Karnataka’s immediate neighbours, Maharashtra, Telangana, and Andhra Pradesh, are on the anvil of being certified as “disease-free zones”. India has submitted a request towards such recognition to the OIE. In a similar vein, buffalo calves can be reared via contract farming and directly purchased and delivered to the slaughterhouses.

Corporates engaged in this trade will be protected from vigilantes because (i) chapter V, section 14, of the so-called APMC Bypass act and Contract Farming Act have an overriding effect over any law in force, (ii) under section 13, no suit, prosecution or other legal proceedings can be made against the central or state government, or an officer of government, or any other person. [A person under the farm laws is an individual, partnership firm, company, limited liability partnership, cooperative society, society, or any association or body.]

Finally, under section 15, no civil court shall have jurisdiction to entertain any suit or proceeding on any matter. Yet cognizance can be taken of any issue and it can be disposed of by any authority empowered under this Act or its rules.

Sheltered by the Slaughter Act, vigilantes could be let loose and directed to attack small transporters, traders, local butchers, and farmers who dare move around with their animals to ensure that not one animal finds its way to plates as beef.

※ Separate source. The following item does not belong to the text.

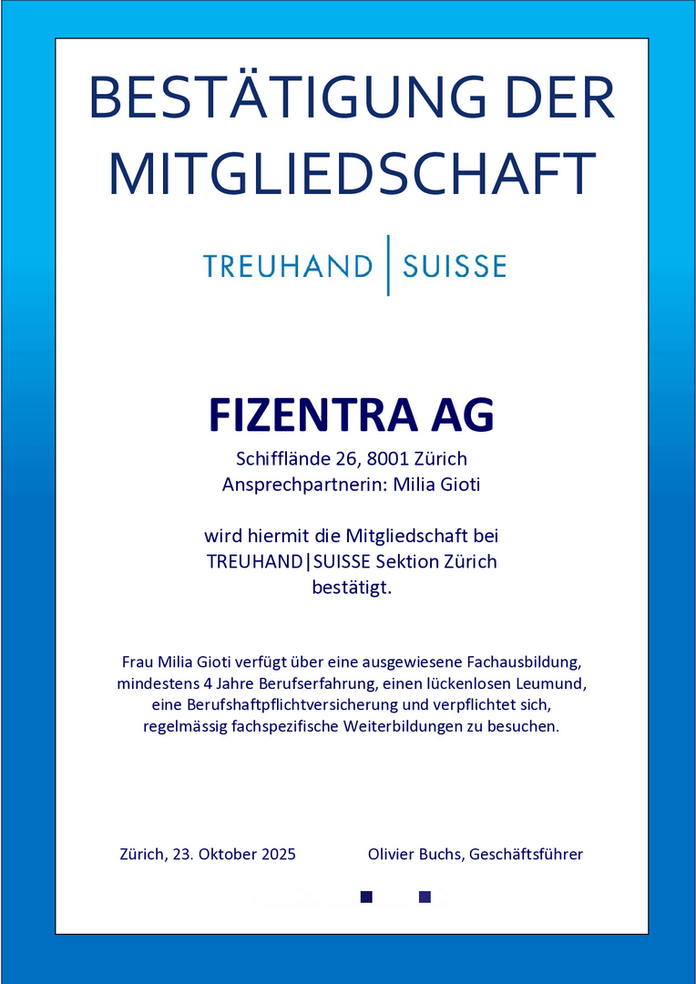 We provide you with expert support in the areas of bookkeeping, company formation, company domicile, accounting and payroll administration. With us, you can outsource your administrative tasks with confidence and concentrate fully on the growth of your company. With FIZENTRA, you can turn your visions into measurable success.
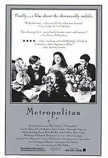 Metropolitan is a 1990 American romantic comedy-drama film and the debut of director and screenwriter Whit Stillman.[4] The film concerns the lives of a group of wealthy young socialites during debutante season in Manhattan. In addition to some of their debutante parties, it covers their frequent informal after-hours gatherings at a friend's Upper East Side apartment, where they discuss life, philosophy and their fate; form attachments, romances and intrigues; and react to an interesting but less well-to-do newcomer. Metropolitan was nominated for Best Original Screenplay at the 63rd Academy Awards.[5] The film is often considered the first of a trilogy of Stillman films, followed by Barcelona (1994, but written before Metropolitan) and The Last Days of Disco (1998).[6]

This high-level plan commissioned by the government, if carried through, will, without a doubt, take beef off the menu. It will also structurally (and completely) shift beef out of the country as a means to secure a Brahmanical vision of beef-free India in which corporate profits balloon; capitalism and the holy cow politics in a win-win situation.

Sinister designs behind slaughter bans, dairy, and beef exports will dispossess small and marginal farmers from their bovine-dependent livelihoods and consolidate Brahmanical capitalist control over our food and lives.

Source : The leaflet , Feb 16,2021 (Sagari Ramdas is a veterinary scientist with the Food Sovereignty Alliance, India. The views expressed are personal.)